An ongoing research project to determine
not only how many interments were made at The Bayonne Constable
Hook Cemetery, but who these people are, has revealed over 1,500
individuals, of which many were Bayonne residents. This research
project only covers the time period 1878; when last place of
disposition was recorded on death records, to 1907; the year of the
last recorded burial, a mere one hundred years ago. A list of
interments for the cemetery is available on the web site
GraveInfo.com
Previous research done on the now 153-year-old
cemetery has not been as in-depth as the current research. It was
believed to be a purchase of burial rights cemetery only, but
recently found land deeds are the evidence that show who the
original owners of many of the 210 plots are. Tracing through the
generations to know the current owners of the plots is a much more
difficult undertaking.

After the industrialization of The Hook and the opening of
cemeteries in surrounding towns, interest in family plots at The
Bayonne Constable Hook Cemetery was lost. Up to eight graves
occupied each of the 196 family plots that measured 12 x 18 feet in
size.

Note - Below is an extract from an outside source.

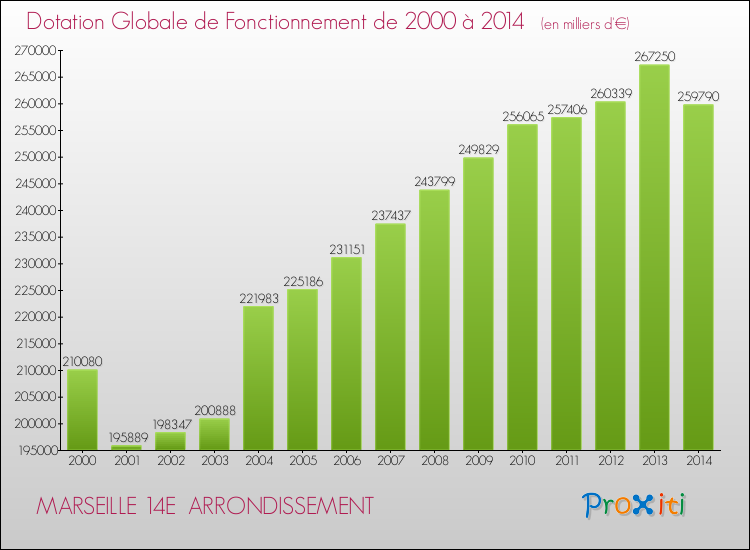 En effet, la dotation globale de fonctionnement versée par l'état en 2014 à la seule commune de Marseille 14e Arrondissement était de : 259 790 000 € au total.

The then owner of the cemetery, Sarah Van Horn, who was one
of three daughters of James Van Boskerck, decided to sell portions
of the many plots she owned in the cemetery as individual graves
for right of burial only. No ownership transfer deeds have been
found for these select plots, which Sarah still owned at her death
in 1889, many of which she inherited when her sister Ellen Van
Boskerck willed to her in 1878.
Single grave sales may have
happened as early as 1883 when it appears that Sarah teamed up with
Nathanial B. Lockwood, a local undertaker in Bayonne, to rejuvenate
interest and business at the cemetery. This may have been the first
attempt to restore the cemetery as a newspaper clipping of that
year states, “[Lockwood]….who had a gang of men at work, and did a
great deal toward making the cemetery more attractive. A large
number of old trees have been cut down, the walks graded, and
flower beds made and filled with flowers.”
The local Veterans
Group visits the cemetery but once a year the Wednesday prior to
Memorial Day at 9:30 am for the annual services they perform at the
Bayonne Constable Hook Cemetery. A few members of the public, some
of which have ancestors buried at the cemetery, accompany them.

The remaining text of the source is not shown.